P/D Routing Sidecar
This project provides a reverse proxy redirecting incoming requests
to the prefill worker specified in the x-prefiller-url
HTTP request header.
This is a prototype of a vLLM-native protocol for disaggregated serving. The inference scheduler determines the best decode worker when it determines the prefill worker, then informs the prefill worker where to direct the K/V transfer as a single transaction. This ensures request cancellation or failures release resources on both workers promptly.
See the disaggregated serving Northstar for more.
Getting Started
Requirements
- a container engine (docker, podman, etc...)
- a server with at least 2 GPUs
Quick Start (From source)
- Start two vLLM servers with P/D enabled via the NIXLConnector.

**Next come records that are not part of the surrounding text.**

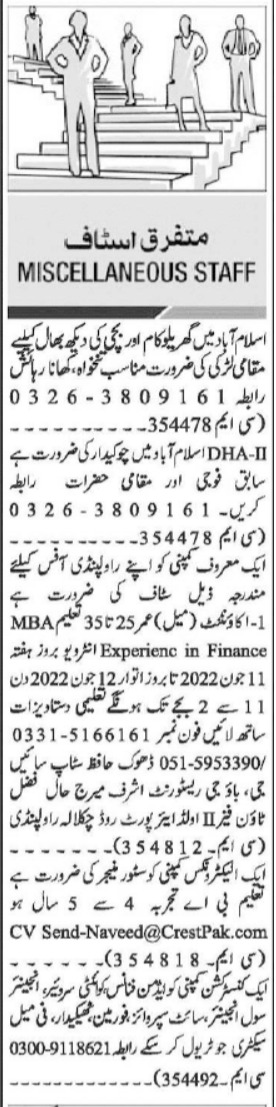 Private Company jobs advertisement dated about 9 June 2022 in daily Jang Newspaper invites application for the vacant post of store manager, finance manager, accountant, admin manager, civil engineer, site supervisor, secretary, maid, foreman, house maid, aya, female secretary, nanny, engineer, chowkidar and quantity surveyor in Islamabad, islamabad Islamabad Pakistan. Preferred Education is Matric, Middle, Intermediate and Bachelor etc.
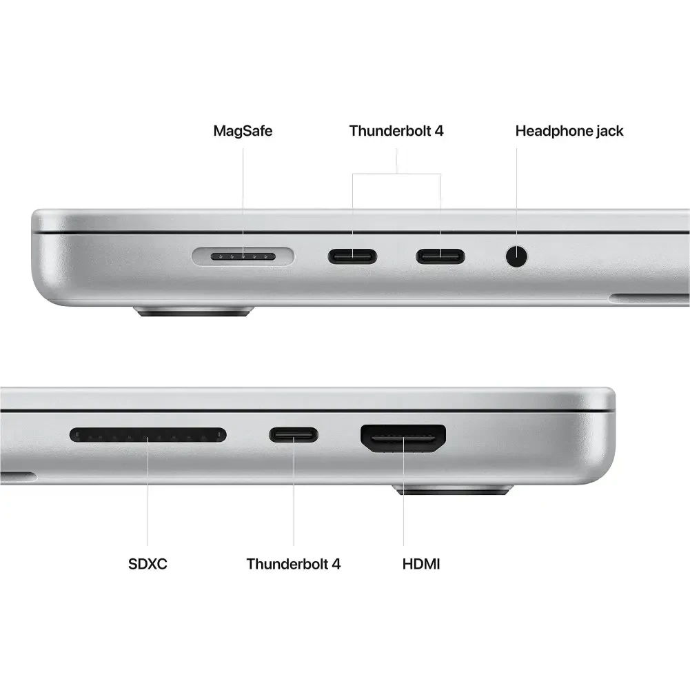 7. Ports: 2 Thunderbolt/USB 4 ports, 3.5mm headphone jack
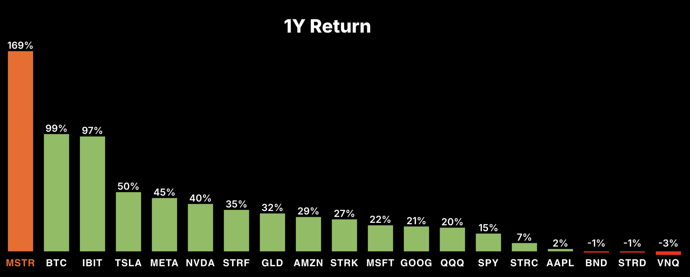 Trotz des eher schwachen Kursverlaufs in der jüngsten Vergangenheit ist und bleibt Strategy aber eine Erfolgsgeschichte. Seit Beginn der Bitcoin-Strategie ist die Aktie um sage und schreibe fast 3.000 Prozent gestiegen. In den letzten 12 Monaten ist MSTR immer noch 169 Prozent im Plus, während $BTC sich „nur“ verdoppelte.
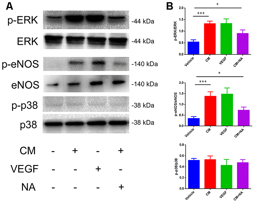 Next, we analyzed the molecular mechanism involved in the NaCl-mediated down-regulation of TJ protein expression. It has been reported that high-salt conditions increase eNOS phosphorylation, and activate thep38/MAPK pathway [24, 25]. Moreover, VEGF activates PLCγ, which stimulates MEK-MAPK and p38in endothelium, and induces expression of eNOS via PLCγ and PI3K [26]. Thus, we examined the phosphorylation status of ERK, eNOS, and p38, which represents the degree of activation, by western blotting. As shown in Figure 5, a dramatic up-regulation of p-ERK/ERK and p-eNOS/eNOS levels was observed in endothelial cells treated with conditioned medium from high salt-cultured astrocytes, or with VEGF recombinant rat protein. Anti-VEGF neutralizing antibody (NA) partially reversed the up-regulation of p-ERK/ERK and p-eNOS/eNOS levels.
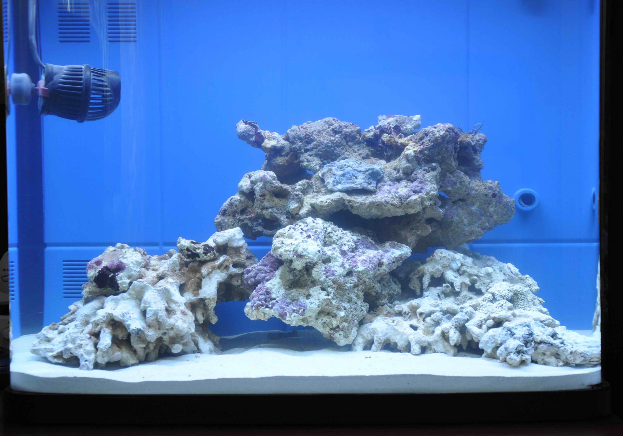Ну если посмотреть на рифовые камни в море, то видно, что они не просто пористые ( в мелкую дырочку ), а имеют либо вид булыжника либо с большим количеством сквозных крупных отверстий и приливно-отливная вода омывает такие камни со всех сторон. А на фото видим камни в виде тарелки которую положили на песок вверх дном. Вот это "дно" и предлагаю по сверлить насквозь. Камень должен омываться течением со всех сторон.
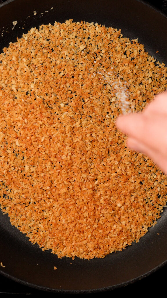 - For the panko breadcrumbs, I recommend only adding about 1/2 cup at a time. This will ensure that you don’t use too much and will also reduce the amount that clump up from any of the wet mixture.
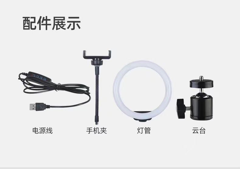 配置:补光灯+云台+手机夹子+包装盒

In one terminal, run this command to start the decoder:
$ podman run --network host --device nvidia.com/gpu=0 -v $HOME/models:/models \
-e UCX_TLS="cuda_ipc,cuda_copy,tcp" \
-e VLLM_NIXL_SIDE_CHANNEL_PORT=5555 \
-e VLLM_NIXL_SIDE_CHANNEL_HOST=localhost \
-e VLLM_LOGGING_LEVEL=DEBUG \
-e HF_HOME=/models ghcr.io/llm-d/llm-d:0.0.8 --model Qwen/Qwen3-0.6B \
--enforce-eager \
--port 8001 \
--kv-transfer-config='{"kv_connector":"NixlConnector","kv_role":"kv_both"}'
In another terminal, run this command to start the prefiller:
$ podman run --network host --device nvidia.com/gpu=1 -v $HOME/models:/models \
-e UCX_TLS="cuda_ipc,cuda_copy,tcp" \
-e VLLM_NIXL_SIDE_CHANNEL_PORT=5556 \
-e VLLM_NIXL_SIDE_CHANNEL_HOST=localhost \
-e VLLM_LOGGING_LEVEL=DEBUG \
-e HF_HOME=/models ghcr.io/llm-d/llm-d:0.0.8 --model Qwen/Qwen3-0.6B \
--enforce-eager \
--port 8002 \
--kv-transfer-config='{"kv_connector":"NixlConnector","kv_role":"kv_both"}'
- Clone and start the routing proxy.
In another terminal, clone this repository and build the routing proxy:
$ git clone https://github.com/llm-d/llm-d-routing-sidecar.git && \
cd llm-d-routing-sidecar && \
make build
In the same terminal, start the routing proxy:
$ ./bin/llm-d-routing-sidecar -port=8000 -vllm-port=8001 -connector=nixlv2
- Send a request.
Finally, in another terminal, send a chat completions request to the router proxy on port 8000 and tell it to use the prefiller on port 8002:
$ curl http://localhost:8000/v1/completions \
-H "Content-Type: application/json" \
-H "x-prefiller-url: http://localhost:8002" \
-d '{
"model": "Qwen/Qwen3-0.6B",
"prompt": "Author-contribution statements and acknowledgements in research papers should state clearly and specifically whether, and to what extent, the authors used AI technologies such as ChatGPT in the preparation of their manuscript and analysis. They should also indicate which LLMs were used. This will alert editors and reviewers to scrutinize manuscripts more carefully for potential biases, inaccuracies and improper source crediting. Likewise, scientific journals should be transparent about their use of LLMs, for example when selecting submitted manuscripts. Mention the large language model based product mentioned in the paragraph above:"
}'
- Verification
Observe the request is processed by both the prefiller and then the decoder:
Prefiller logs (trimmed for clarity purpose):
...
Received request cmpl-386a7566-31a0-11f0-b783-0200017aca02-0: prompt: ...
...
NIXLConnector request_finished, request_status=7 ...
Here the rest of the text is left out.